Maroc : démission en bloc de gynécologues de la santé publique

Malgré le déficit inquiétant en personnel de santé, les hôpitaux au Maroc font face à des démissions en série de médecins, notamment les spécialistes.

En effet, 10 médecins gynécologues de la santé publique de la région du Souss ont déposé leur démission en bloc la semaine dernière.

Ces démissions ont laissé un goût amer chez les autres professionnels de la santé surtout que les services de gynécologie souffrent d'un manque accru de personnel, notamment les gynécologues.

Les vagues de démissions de médecins opérées ces dernières années sur tout le territoire Marocain sont dues aux mauvaises conditions de travail, la dégradation de la qualité de service et surtout la rémunération qui n'est pas suffisamment motivante.

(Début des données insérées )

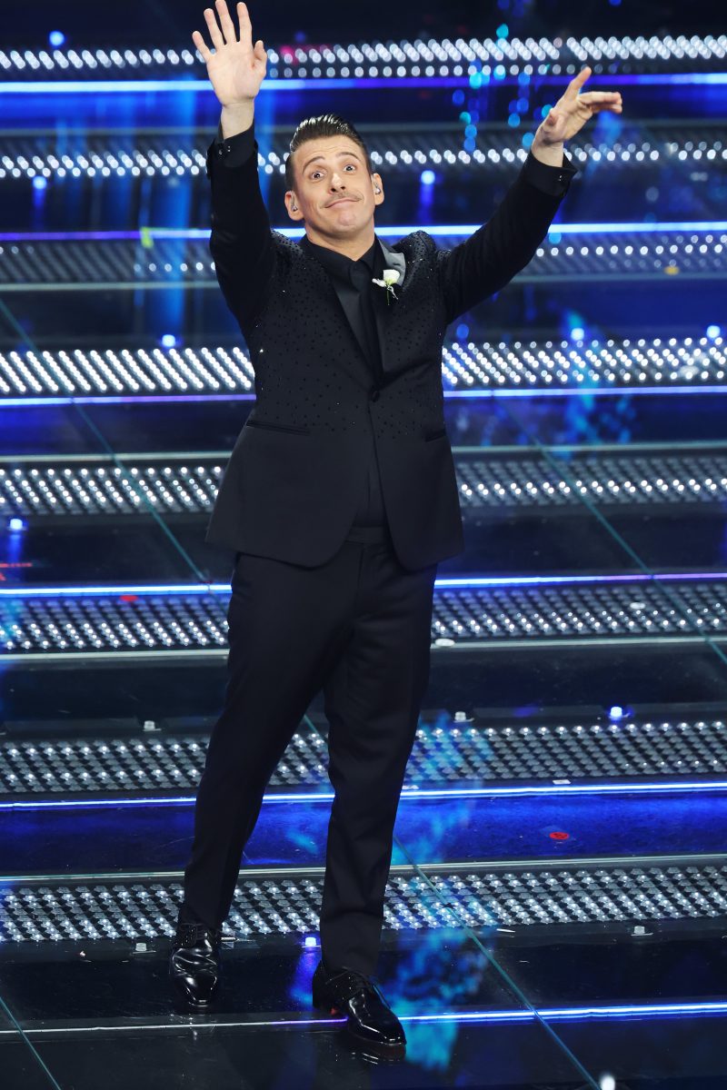 Tony Effe, irriconoscibile senza tatuaggi, in un completo bianco, guanti burgundy (o meglio Gucci Ancora) e una spilla oro Tiffany&Co. Una piacevole sorpresa. Voto 8.

Les  médecins, notamment les spécialistes, préfèrent aujourd’hui exercer dans le secteur privé, avec tous les avantages financiers que leur procurent les cliniques privées.

Selon des estimations officielles, le pays compte 9.000 médecins, 500 pharmaciens, 10.000 paramédicaux et techniciens spécialisés de santé pour une population de plus de 35 millions d'habitants. Trop peu!!

En se référant au dernier  rapport de L'OMS, le Maroc compte 6,1 médecins pour 10 000 habitants, 9 infirmières et sages-femmes, 1,4 dentiste et 2,7 pharmaciens pour ce même nombre d'habitants.

Le pays est loin de répondre au standard de l’OMS fixé à 1 médecin pour 650 habitants pour les médecins par exemple.

Ces chiffres qui expliquent malheureusement la fermeture des dizaines de centres de santé et de dispensaires dans le rural et les régions des montagnes par manque d’encadrement médical, de médicaments et d’ambulances mais aussi par manque de motivations de ces professionnels par des indemnités et des logements dans ces régions lointaines.